Your job is to print, exactly, the lines in the data below from the line with "Szafki metalowe na" through the line with "Further to the", both included, and to omit any picture.

Data under study →
□ □ □
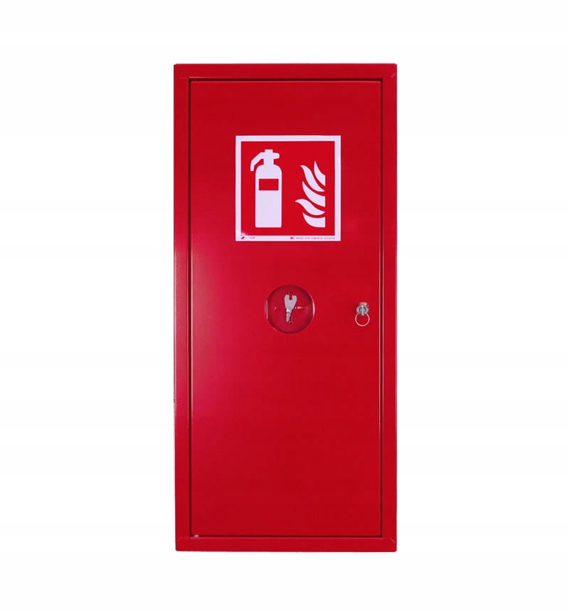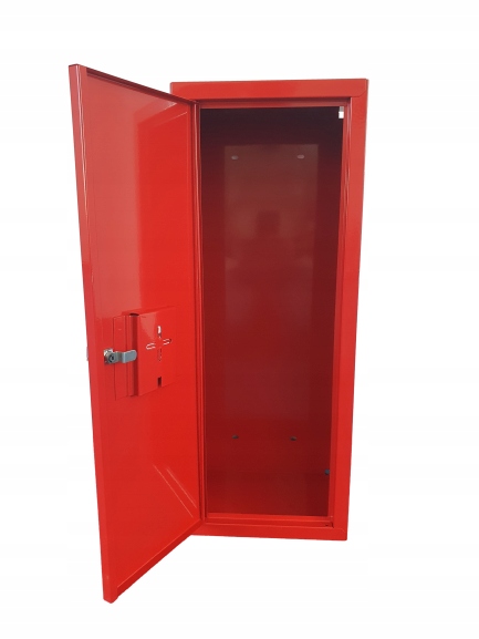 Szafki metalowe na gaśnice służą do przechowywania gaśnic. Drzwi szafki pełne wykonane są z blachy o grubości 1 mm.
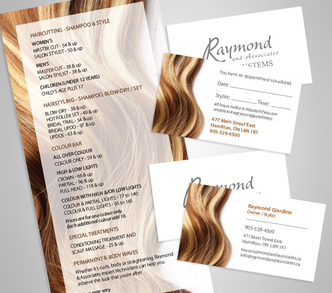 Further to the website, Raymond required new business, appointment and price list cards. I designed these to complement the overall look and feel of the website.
□ □ □
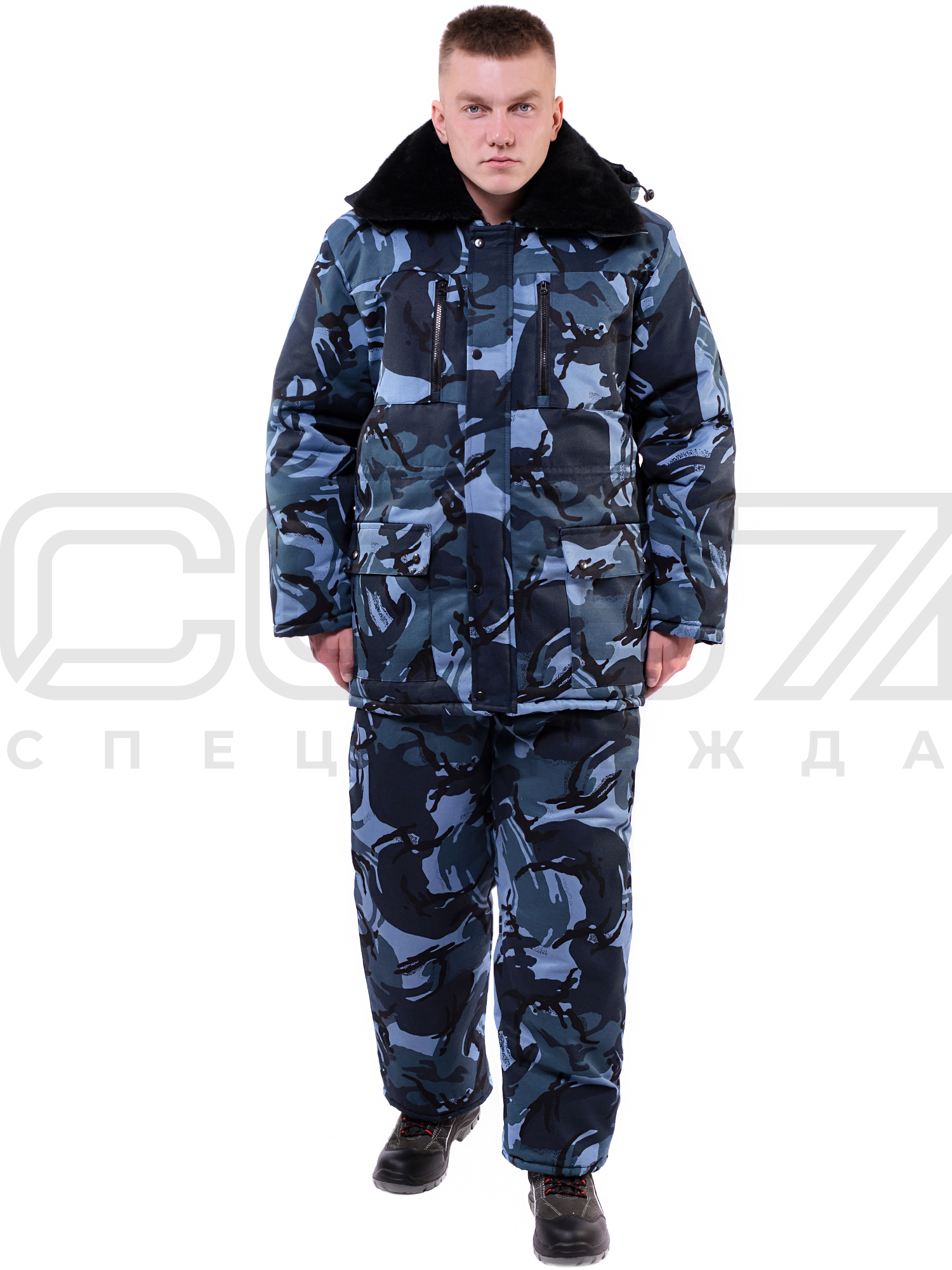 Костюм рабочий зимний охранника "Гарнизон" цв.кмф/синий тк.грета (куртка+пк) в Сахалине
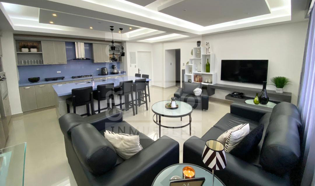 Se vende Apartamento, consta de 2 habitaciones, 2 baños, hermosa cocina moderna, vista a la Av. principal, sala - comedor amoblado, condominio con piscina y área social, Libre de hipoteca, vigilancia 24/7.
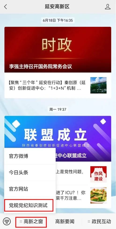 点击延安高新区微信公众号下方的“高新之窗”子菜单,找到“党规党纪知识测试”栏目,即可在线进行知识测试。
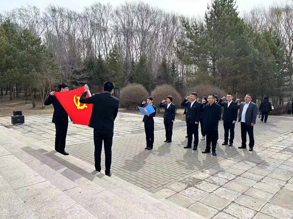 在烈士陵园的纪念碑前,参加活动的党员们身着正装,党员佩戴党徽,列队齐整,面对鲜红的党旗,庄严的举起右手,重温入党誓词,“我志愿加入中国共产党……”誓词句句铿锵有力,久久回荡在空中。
□ □ □
Answer box →
 Szafki metalowe na gaśnice służą do przechowywania gaśnic. Drzwi szafki pełne wykonane są z blachy o grubości 1 mm.
 Further to the website, Raymond required new business, appointment and price list cards. I designed these to complement the overall look and feel of the website.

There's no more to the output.